“你……你说什么?!他……怎么可能是他?!”
我被这个名字惊的失声嘶吼了起来,耳机那头的黎木木沉默了片刻,叹了口气。
“陶队,我比对了手头上所有的线索,这个情况……属实。自从张俊轩在密室逃脱体验馆里脱险之后,他就跟变了个人似的,成天把自己闷在家里傻吃傻喝打游戏,青竹台的事儿他是一点儿也不管了,而且对夏风的去向也不闻不问。反倒是……你那个哥们儿郭永喆,也跟变了个人似的,一反常态的勤快,每天一早就会去南郊工地监工,现在那座祭坛已经竣工了。”
“不是,郭子……现在人在哪儿?”
“还住在张家,你外公张老爷子好像是挺喜欢他的,给他安排了单独的卧室和办公室,还经常找他喝茶聊天儿。”
“那他是怎么跟黄华裕扯上关系了?!”
“这个……岳哥暂时也没查到,但是根据黄华裕这几个月的行踪显示,他确实是每个周末都会悄悄的去一趟南郊工地附近,在一个不起眼的小饭馆里跟郭永喆喝两杯,每次都聊到挺晚。陶队,你说这个郭永喆……他会不会就是黄华裕背后的那个狗头军师?”
“胡说八道,这怎么可能?!郭子哪儿来的这种脑子……嗯?”
我突然把半截反驳的话咽回了肚子里,心中狠狠的一惊。
没错,如果郭永喆还是以前的郭永喆,那他肯定是没有这种心眼子。
可是他的八字命格现在已经跟张俊轩互换回来了,从某种意义上讲,此时的郭永喆……
应该是张俊轩才对。
而且在这个世界上,除了我师父之外,恐怕也没有别人能像郭永喆一样了解我的性格和行事作风了。

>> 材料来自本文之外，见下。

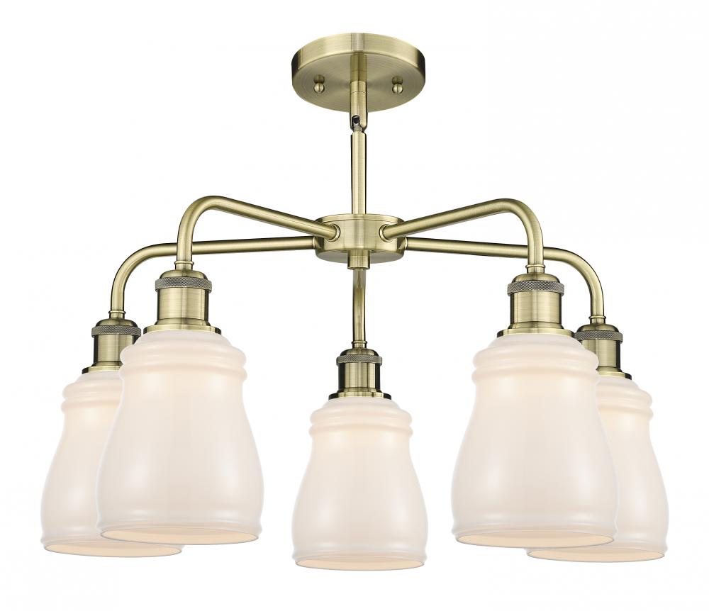Ellery - 5 Light - 23 inch - Antique Brass - White Shade - Chandelier

有了张俊轩的冷静和睿智,再加上他自身对我的了解,如果郭永喆真的存心和我作对……
我顿时就狠狠的打了个寒颤,浑身的汗毛一根一根的直竖了起来。
“不不……不可能,不可能的!你转告岳哥,让他再仔细查一下其他人,郭子怎么可能做出这种事儿……”
话音未落,突然,一道柔和的声音传进了我的耳朵,打断了我的话。
“这位道友,在下是鄢壮,深夜打扰,尚请恕罪。鄢某有点事情想要跟道友商量,但你的住处多有不便,烦请道友移步乾坤宫,见面叙话。嗯……莫要惊动我师叔,还有与你结伴的那位女士。”
我愣了一下,匆匆的结束了和黎木木的通话,奇怪的咂了咂嘴。
此时,我受伤的左耳还没有痊愈,平时听人说话都嗡咙嗡咙的,像是隔着一道蓝布棉门帘儿。

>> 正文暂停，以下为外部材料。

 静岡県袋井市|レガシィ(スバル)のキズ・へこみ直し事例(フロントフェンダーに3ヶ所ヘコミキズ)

可鄢壮的这番话却在我的两只耳朵里都显的很清晰,这就只能说明,他的声音是没有经过我的耳膜,而是以法力直接传导进了我的大脑。
这种法术我也会用,大致原理就和那若兰教过我的“法力互通”差不多,在两个人之间建立一条“专用”的法力通道,用神识将自己的声音传递过去。
但我却觉着鄢壮用的不是这种路子,因为我压根儿就没感知到他的神识,这道声音就毫无征兆的响了起来。
我沉吟了片刻,还是决定去赴约。
老话说,贼不走空。
可我来到太极门已经十天了,不光是没把自己变成空水缸,就连黎木木传来的消息也一次比一次扎心。

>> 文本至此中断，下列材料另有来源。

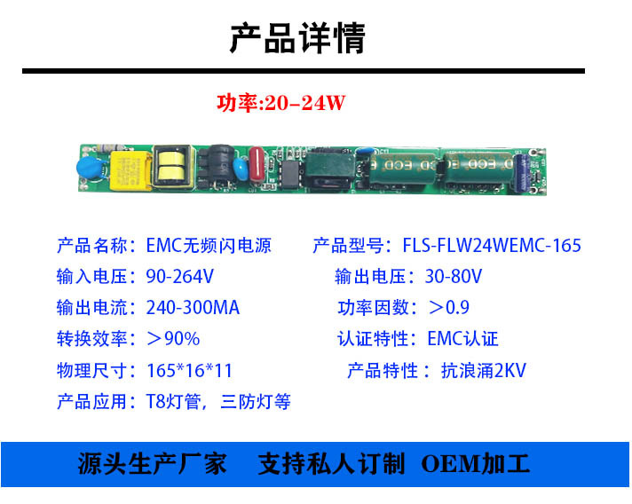 Изолированный источник питания лампы без мерцания, 1,5 м, 24 Вт, сертифицированный гармонический THD менее 10%, экспортная специальная лампа

再加上我莫名其妙的变成了残疾人,说实话,此刻我的情绪已经接近了崩溃的边缘。
回想起这段日子,鄢壮三番五次的前来,或许他真的是有什么很重要的事情想要告诉我?
这家伙……
他不会是已经看透了我的身份了吧?!
我皱了皱眉头,打定了主意,收敛起全身的气息,悄悄的打开门往外探了探头。
韩柱子在太极门里身份很特殊,他的住所也很“奢华”。
这是一个足有几百平米的大场院,他把正屋让给了梁多多,把我安排在东厢房里。
此时,西厢房传来了震天的呼噜声,韩柱子早已睡熟了。
我犹豫了片刻,还是没去探查梁多多到底睡着了没有。
反正她是个值得我完全信任的人,我的一切行踪也没有必要对她保密。
我把自己变成了灵体,悄无声息的出了院子。
门口的那条大黄狗猛然从睡梦中抬起了头,抽了抽鼻子之后,疑惑的哼唧了一声,随后就继续趴下睡觉了。
我迈开幽冥鬼步,朝着太极门地势最高的一座山头跑去。
我听韩柱子说过,太极门的正殿,也就是鄢壮约我见面的乾坤宫就坐落在那里。
那是供奉太极门先祖灵位的地方,平时极少有人去,只有在重大的节日,太极门的弟子们才会齐聚于此,焚香祭拜。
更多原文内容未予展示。